INFO: Adding a layer with repo path /vcs/cray/csm-config-management.git and playbook ncn-initrd.yml to the end.
INFO: Successfully saved CFS configuration "management-csm-1.4.0-backup-20230918T205149"
INFO: Successfully saved CFS configuration "management-csm-1.4.0"
INFO: Successfully saved 1 changed CFS configuration(s) to CFS.
INFO: Updated 9 CFS components.
INFO: Waiting for 9 component(s) to finish configuration
INFO: Summary of number of components in each status: pending: 9
INFO: Waiting for 9 pending component(s)
INFO: Sleeping for 30 seconds before checking status of 9 pending component(s).
...
INFO: Sleeping for 30 seconds before checking status of 9 pending component(s).
INFO: 9 pending components transitioned to status configured: x3000c0s5b0n0, ...
INFO: Finished waiting for 9 component(s) to finish configuration.
INFO: Summary of number of components in each status: configured: 9
====> Completed update of CFS configuration(s)
====> Cleaning up install dependencies

When configuration of all components is successful, the summary line will show all components with status “configured”.

Update test suite packages

(ncn-m001#) Update select RPMs on the NCNs.

/usr/share/doc/csm/upgrade/scripts/upgrade/util/upgrade-test-rpms.sh

Verification

Verify that the new CSM version is in the product catalog.

(ncn-m001#) Verify that the new CSM version is listed in the output of the following command:

kubectl get cm cray-product-catalog -n services -o jsonpath='{.data.csm}' | yq r -j - | jq -r 'to_entries[] | .key' | sort -V

Example output that includes the new CSM version (1.4.3):

0.9.2
0.9.3
0.9.4
0.9.5
0.9.6
1.0.1
1.0.10
1.2.0
1.2.1
1.2.2
1.3.0
1.3.1
1.4.0
1.4.1
1.4.2
1.4.3

Confirm that the product catalog has an accurate timestamp for the CSM upgrade.

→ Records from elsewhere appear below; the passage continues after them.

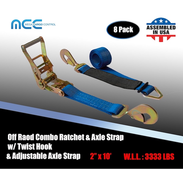 Axle Ratchet Tie Down Strap w/ Snap Hook Race Car Hauler Trailer Flatbed Blue, 8PK
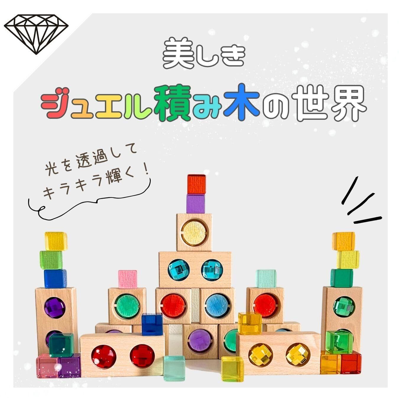 SNSで大人気 美しい色彩や柔らかな木のぬくもりを感じるジュエル積木です。積木に光を当てると、光が積木を通して鮮やかな反射を生み出します、子ども達に魔法のような瞬間を与えます。インテリアとしても美しくお部屋を彩ります。
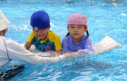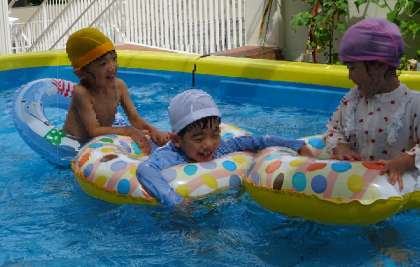 水に顔を少しつけれるようになったり、水がかかっても平気で遊べるようになり、気持ちよさそうにプールに入り、楽しく遊んでいる、ほし組です。友達と一緒に浮き輪で連結して泳いでみたり、お風呂マットに乗って浮いてみたりしながら遊んでいます。
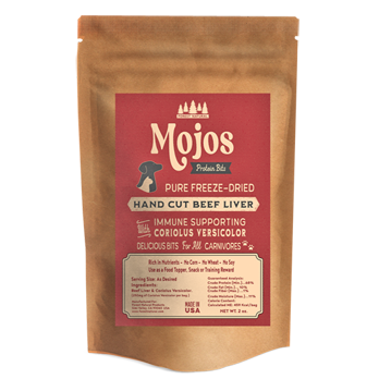 These pure, hand cut Freeze Dried Beef Liver bits are delicious and nutritious for all carnivores. They provide a great protein booster along with the immune support provided by the Coriolus Versicolor mushroom. These tasty treats are great as a food topper, a training reward, or just a healthy snack.
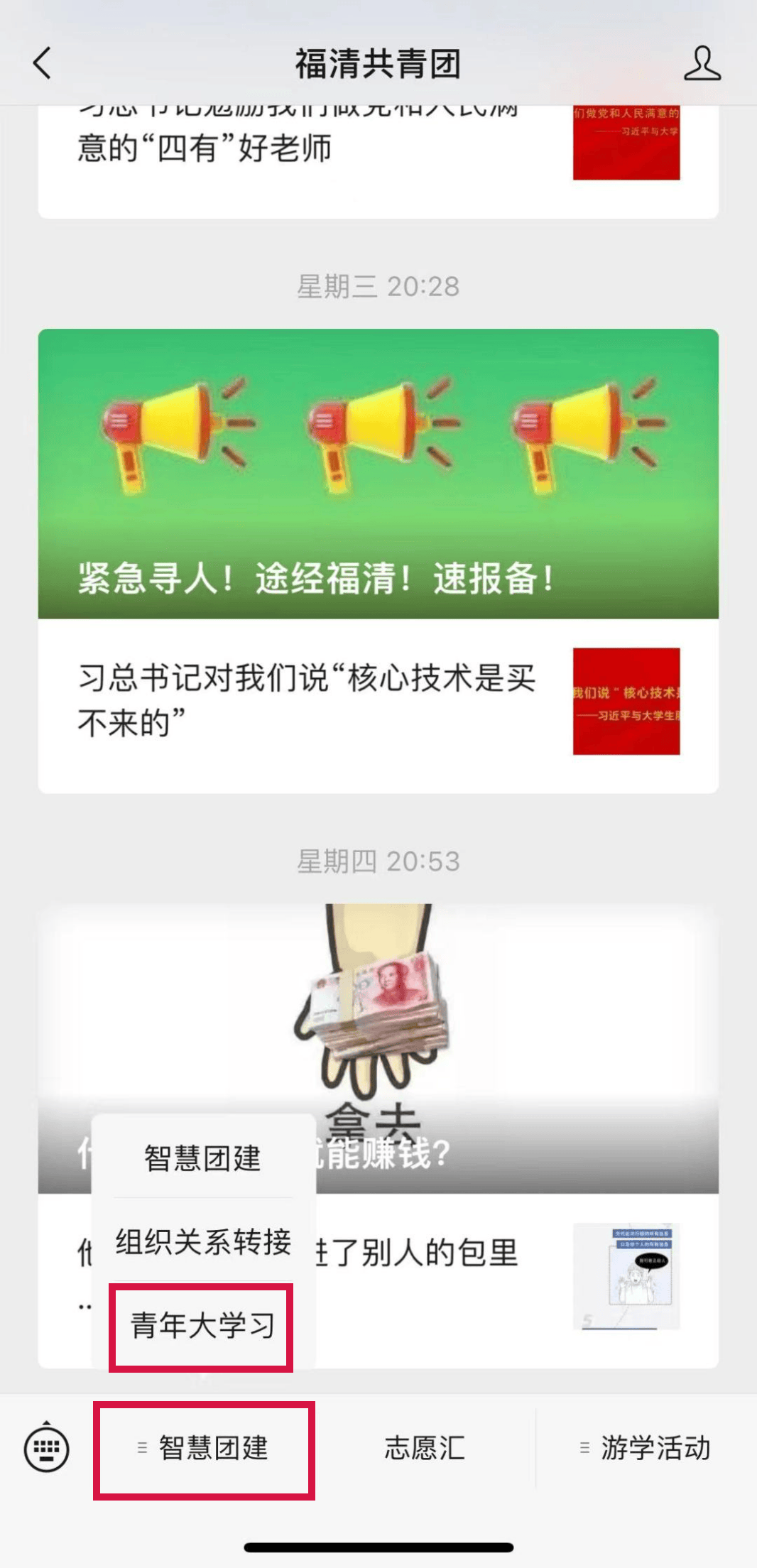 打开微信公众号“福清共青团”进入菜单栏“智慧团建”点击“青年大学习”
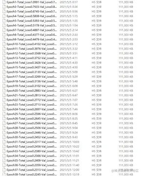 由于FASTER RCNN没有采用传统的方法,而是通过RPN生成待检测区域,这样在生成ROI区域的时候,运行的时间相应减少了。我们使用标定结束的数据集放入建立好的FASTER RCNN目标检测网络,设置好训练的次数,权值文件保存的路径,运行train.py次数越多损失的值就越小,相应的运行的时间也会增加,同样会出现过拟合的现象。经历大概10多个小时的训练后,便得到许多的权值文件,每个权值文件都包含了这一次训练的各种评判参数,根据损失值的大小可以选取合适权值文件作为预测的权值文件。程序运行过程和每一次运行生成的权值文件如图所示:
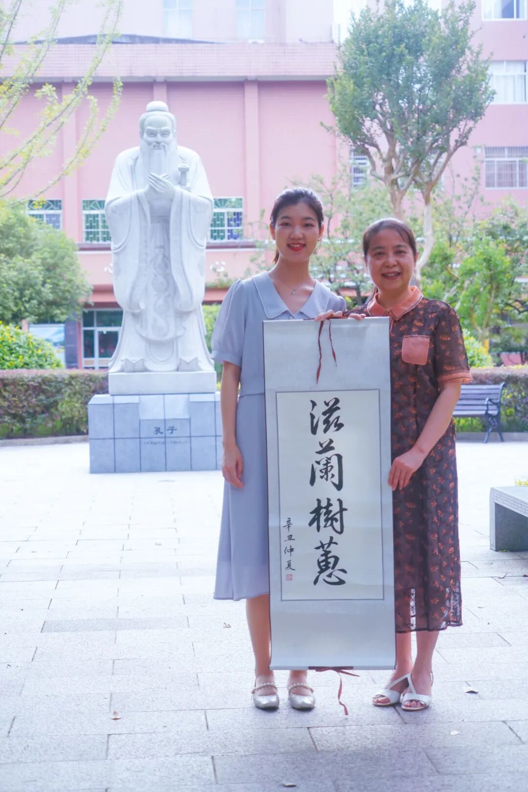 若有幸在来校或放学时遇见陈老师,你总能看见她拎着一个鼓囊囊的、快有她半个人高的布袋。我们后来才知道,为了确保答疑准确无误和方便查证资料,她每天都将所有的初高中教材和教案带来,放学时又带回家,以便于备课。——1920班 李彦瑾
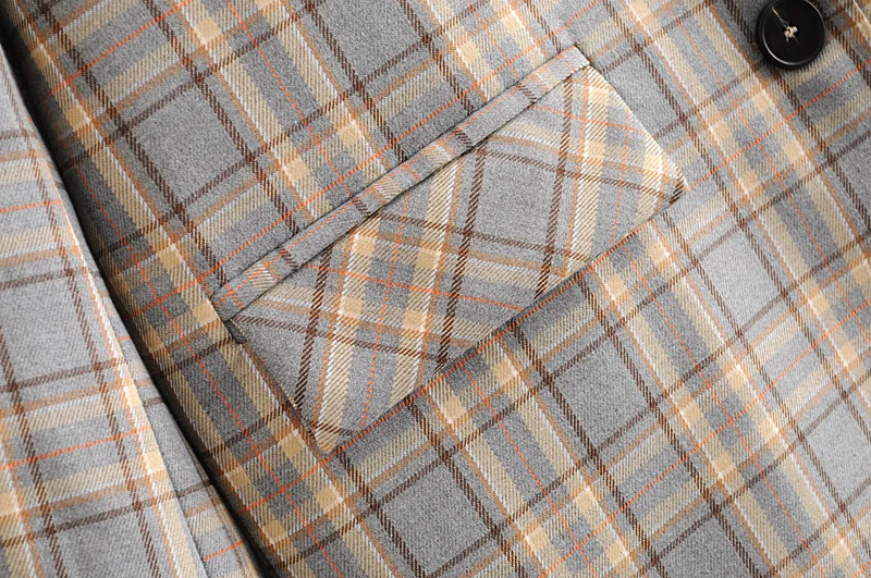 Женские клетчатые элегантные костюмы с блейзером 2020, винтажный женский пиджак с английским воротником, повседневный женский костюм blazers с карманами для девушек шикарное пальто
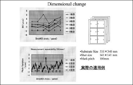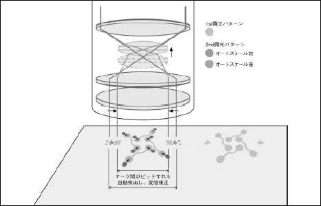 もう一つの例として、オートスケールというものがあります。プリント板等の電子部品用材料の代表的なものは、材料自体が非均一な伸縮をしてしまう問題があります。それをクリアするためにウシオでは、実際のワークの伸縮率にあわせて、1ショット、1ショット投影倍率を調整するという機能を設けています。実際の基板のシュリンクを測りますから、毎回どの程度伸縮しているか、それに合わせるためにどの位を動かすかということを常に計測して、フィードバックをかけるという動作をしています。このような要求に対応するためにオートスケールと呼ばれる機能を装備しています。
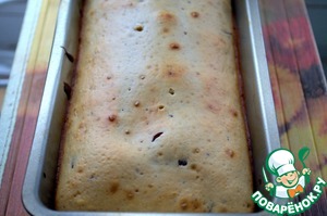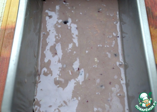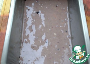 В смазанную форму кладем тесто с черной смородиной. Отправляем форму в горячую духовку примерно на 7 минут - до того момента, как первый слой схватится и станет плотным.
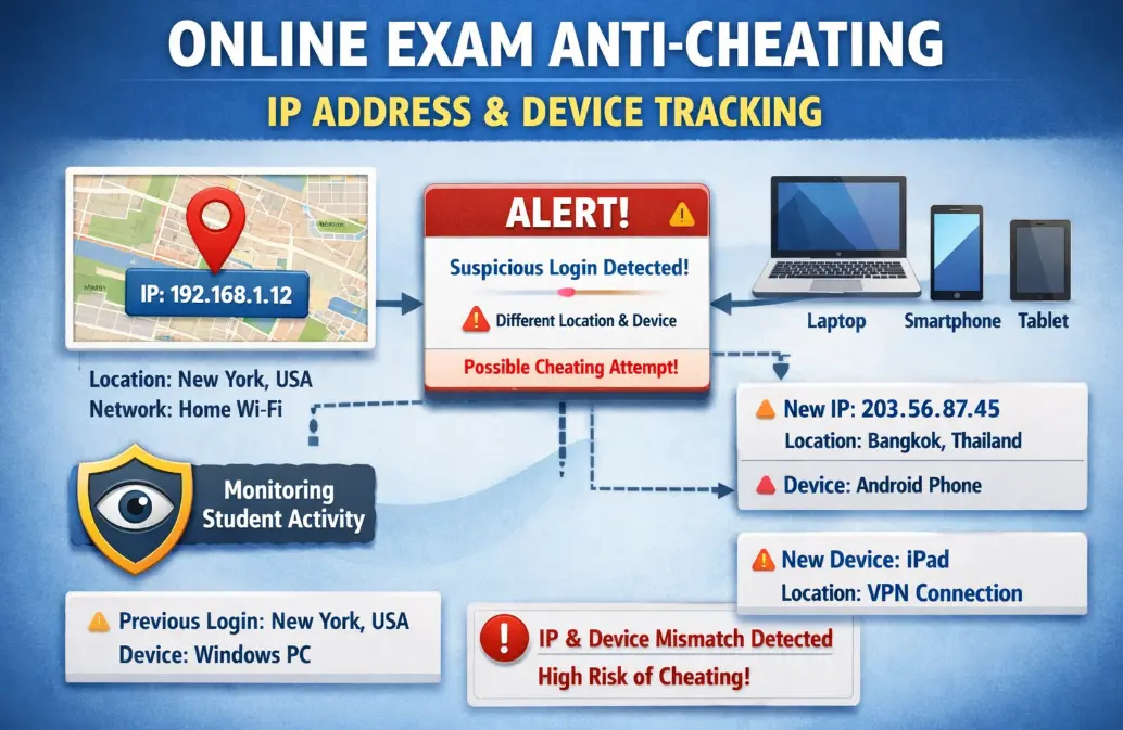 Every device connecting to the internet has a unique identifier—its IP address. Monitoring this reveals suspicious patterns. Is the same student logging in from three different locations simultaneously? Red flag. Did they suddenly switch from New York to California mid-exam? Worth investigating.

(ncn-m001#) Confirm that the import_date reflects the timestamp of the upgrade.
```
kubectl get cm cray-product-catalog -n services -o jsonpath='{.data.csm}' | yq r  - '"1.4.3".configuration.import_date'
```

Take Etcd manual backup

(ncn-m001#) Execute the following script to take a manual backup of the Etcd clusters.

/usr/share/doc/csm/scripts/operations/etcd/take-etcd-manual-backups.sh post_patch

These clusters are automatically backed up every 24 hours, but taking a manual backup at this stage in the upgrade enables restoring from backup later in this process if needed.

NCN reboot

This is an optional step but is strongly recommended. As each patch release includes updated container images that may contain CVE fixes, it is recommended to reboot each NCN to refresh cached container images. For detailed instructions on how to gracefully reboot each NCN, refer to Reboot NCNs.

Complete upgrade

(ncn-m001#) Remember to exit the typescript that was started at the beginning of the upgrade.

exit

It is recommended to save the typescript file for later reference.